A parallel environment presents special problems for a system like MsPASS that depends on a service like a MonogDB database server. The reasons is that the abstraction of parallel “workers” used by scheduler services (aka dask or pyspark) treat the workers as independent entities that are stupid and know only information you feed them. As a result, if a worker needs to access a MongoDB server it needs to be told how to do that. The simplest, stateless way to do that would be to instantiate an instance of a database client on each call to a processing function needing database access. You might guess and would be right that that is a really really bad idea if your workflow is processing a large number of data that would require that to be done for every datum. In fact, timing data show instantiating a database client takes a significant fraction of 1 s on most systems. Even a fraction of a second times a million is a very long time.

To solve this issue, earlier versions of MsPASS simply serialized the database client. We found we could get by with that for a while until we scaled up processing to the order of millions of data objects. That turned out to eventually crash the database server from a “too many open files” error caused by the server not releasing connections each serialized client initiated. There is currently no solution to this problem with pyspark. With dask we found a solution in what they call a worker plugin. Later versions of MsPASS define a python class called MongoDBWorker that is a child of dask’s WorkerPlugin. To use this feature all parallel workflows should contain a variant of the following before doing any parallel database operations:

from mspasspy.util.db_utils import MongoDBWorker
from mspasspy.client import Client

mspass_client = Client()
dask_client = mspass_client.get_scheduler()
parallel_dbworker = MongoDBWorker(mspass_client)
dask_client.register_worker_plugin(parallel_dbworker)

What that does is instantiate an instance of a MongoDB client on each worker that is kept memory resident in the worker. Further, if the worker dies the client is recreated when the scheduler relaunches the worker. We have found this approach is more stable and has improved the performance of parallel workflows because each worker client doesn’t normally have to create any new connections to the server.
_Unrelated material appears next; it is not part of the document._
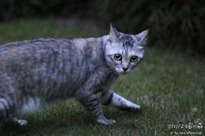 かなり暗い中でもチョウチョを捕まえ(手の下)、とーちに取られないように警戒しています。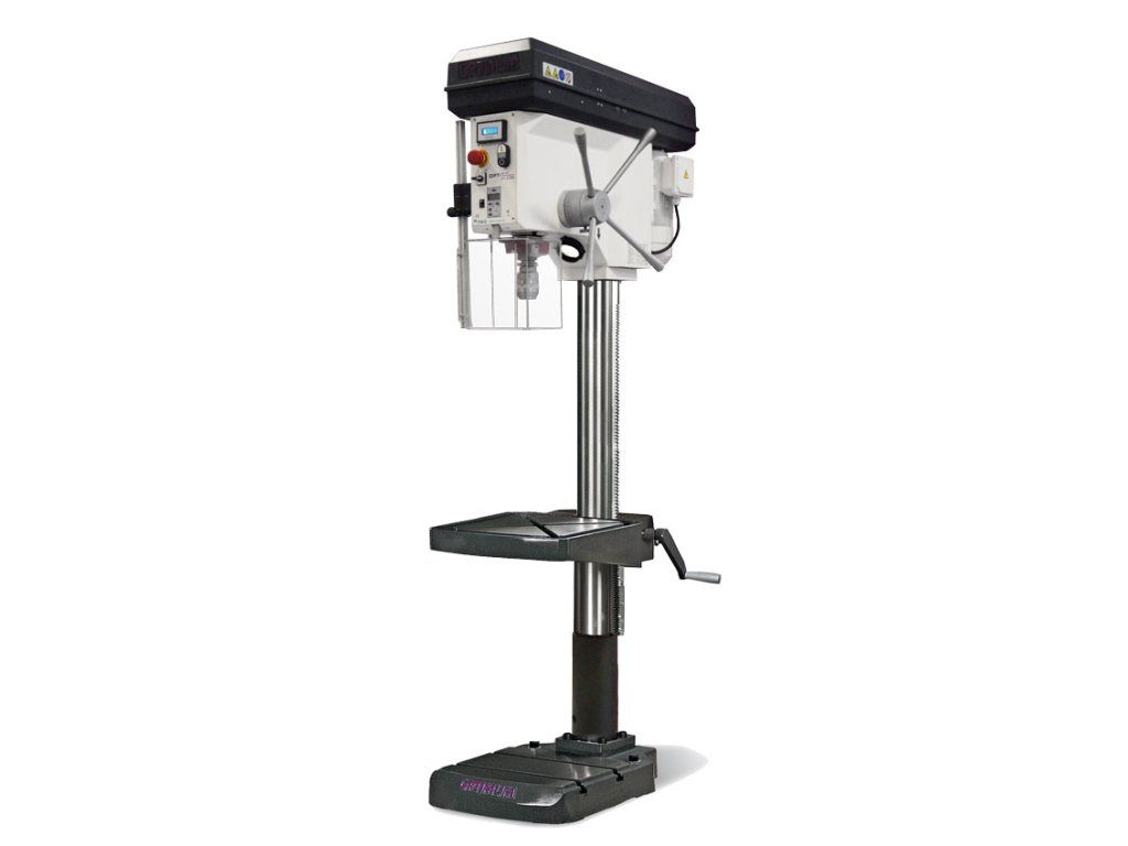 Sloupová vrtačka s plynulým nastavením otáček pomocí mechanického variátoru.

All mspass functions that use database services (notably waveform data readers and writers) handle interaction with the parallel plugin automatically. If you are developing a custom processing function that has a database handle as an argument you need to deal with this issue. The following skeleton example illustrates how to handle that situation:

from mspasspy.util.db_utils import fetch_dbhandle

def myfunction(query,dbname):
  """
  Example function illustrating use of fetch_dbhandle.
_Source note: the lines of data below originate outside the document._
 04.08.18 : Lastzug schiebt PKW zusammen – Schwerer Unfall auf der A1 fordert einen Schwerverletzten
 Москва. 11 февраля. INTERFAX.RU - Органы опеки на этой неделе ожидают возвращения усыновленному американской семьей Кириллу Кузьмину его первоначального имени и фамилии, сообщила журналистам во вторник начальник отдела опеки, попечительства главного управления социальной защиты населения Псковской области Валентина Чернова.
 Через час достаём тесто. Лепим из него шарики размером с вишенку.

  This example would return a TimeSeriesEnsemble of data
  yielded by a query defined by arg0.  It is a simple replacement
  for read_distibuted_data.

  Note dbname is a string defining a particular database the server
  will need to access.
  """
  db = fetch_dbhandle(dbname)
  cursor = db.wf_TimeSeries.find(query)
  # proper form would trap a null return here - omitted for simplicity
  ens = db.read_data(cursor,collection="wf_TimeSeries")
  return ens

The key point here is that with that construct myfunction can be run in a parallel constuct using map-reduce or the Futures interface (see Parallel Processing). The essential thing to do is to send the function only the database name and then use the fetch_dbhandle inside the function to create the database handle to the database the name references.

Note

Another example of a client that needs to be handled carefully in parallel is the an s3 client like the example earlier in this page. A prototype for a worker plugin similar to the database client described above has been developed. You may find a final implementation in the latest version of MsPASS. As is normal this page may be behind that development.